*** DATA EXCERPT

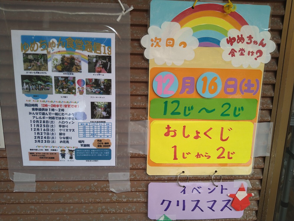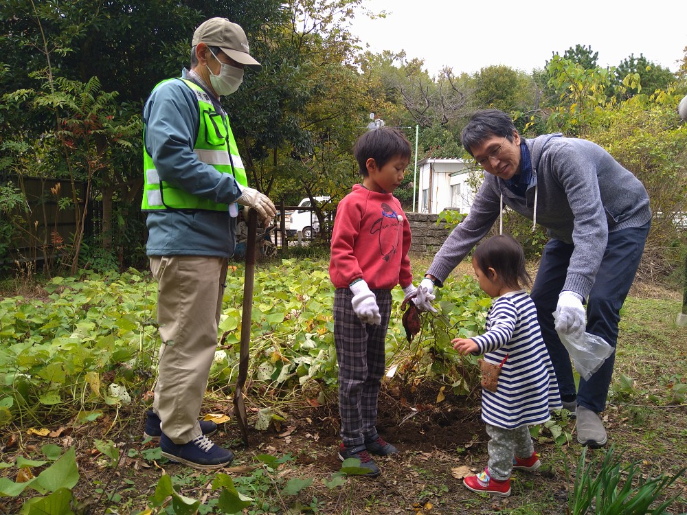 11月25日、曇り空の肌寒い中、たくさんの親子連れの方々の参加がありました。今回は春に子供たちが苗付けをしたさつま芋の収穫です。ボランティアの方にお手伝いをいただきながら、大きなお芋や小さなお芋、大きさはいろいろでしたが自分で収穫するという体験を楽しんでいました。今回もボランティアの方々からの差し入れの品々、手作り弁当の配布がありました。また、とても具沢山の豚汁のおふるまいがありました。お代わりをされる親子さんもいらっしゃいました。来月はクリスマス会です。「ゆめちゃんの会」は村岡子育て応援隊の運営です。お問い合わせは「ゆめちゃんの会」070-3315-2419です。
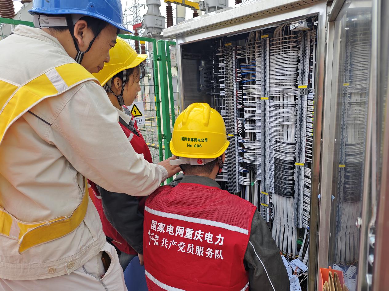 重庆丰都许明寺农光互补项目110千伏送出工程投运前期,国网丰都供电公司二次班员工在110千伏保合变电站开展110千伏许保线保护及自动化调试工作。(吴凤摄)
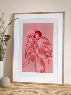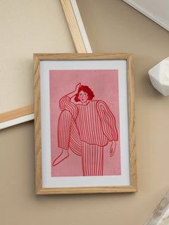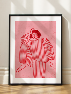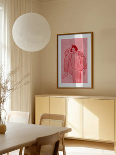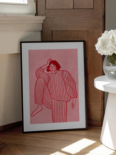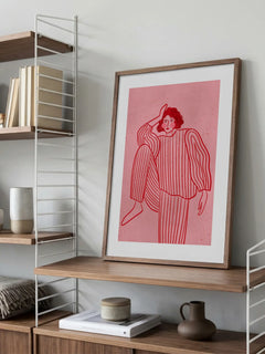 Diese Illustration zeigt eine Frau in einem gestreiften Anzug auf einem rosafarbenen Hintergrund. Die Frau hat schwarze Haare und rosa Bäckchen, was einen charmanten und modernen Look verleiht. Der gestreifte Anzug vermittelt einen entspannten Loungewear-Stil, der perfekt für Modebegeisterte ist. Der strukturierte pinke Hintergrund ergänzt das minimalistische Design und macht diesen Druck zu einem idealen Kunstwerk für Liebhaber moderner Illustrationen.
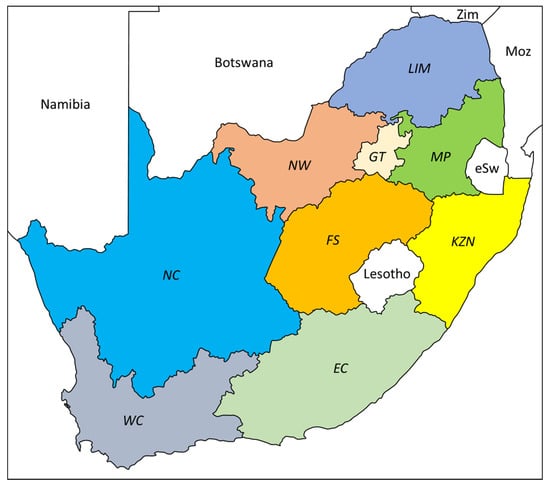 Map of the nine provinces of South Africa which, from west to east, are: NC = Northern Cape, WC = Western Cape, NW = North West, FS = Free State, EC = Eastern Cape, KZN = KwaZulu-Natal, GT = Gauteng, MP = Mpumalanga, LIM = Limpopo. Also shown are Zim = Zimbabwe, Moz = Mozambique, eSW = eSwatini (Swaziland).

******

All of the data above must be printed exactly, minus its pictures.

__EXPECTED ANSWER__.
 11月25日、曇り空の肌寒い中、たくさんの親子連れの方々の参加がありました。今回は春に子供たちが苗付けをしたさつま芋の収穫です。ボランティアの方にお手伝いをいただきながら、大きなお芋や小さなお芋、大きさはいろいろでしたが自分で収穫するという体験を楽しんでいました。今回もボランティアの方々からの差し入れの品々、手作り弁当の配布がありました。また、とても具沢山の豚汁のおふるまいがありました。お代わりをされる親子さんもいらっしゃいました。来月はクリスマス会です。「ゆめちゃんの会」は村岡子育て応援隊の運営です。お問い合わせは「ゆめちゃんの会」070-3315-2419です。
 重庆丰都许明寺农光互补项目110千伏送出工程投运前期,国网丰都供电公司二次班员工在110千伏保合变电站开展110千伏许保线保护及自动化调试工作。(吴凤摄)
 Diese Illustration zeigt eine Frau in einem gestreiften Anzug auf einem rosafarbenen Hintergrund. Die Frau hat schwarze Haare und rosa Bäckchen, was einen charmanten und modernen Look verleiht. Der gestreifte Anzug vermittelt einen entspannten Loungewear-Stil, der perfekt für Modebegeisterte ist. Der strukturierte pinke Hintergrund ergänzt das minimalistische Design und macht diesen Druck zu einem idealen Kunstwerk für Liebhaber moderner Illustrationen.
 Map of the nine provinces of South Africa which, from west to east, are: NC = Northern Cape, WC = Western Cape, NW = North West, FS = Free State, EC = Eastern Cape, KZN = KwaZulu-Natal, GT = Gauteng, MP = Mpumalanga, LIM = Limpopo. Also shown are Zim = Zimbabwe, Moz = Mozambique, eSW = eSwatini (Swaziland).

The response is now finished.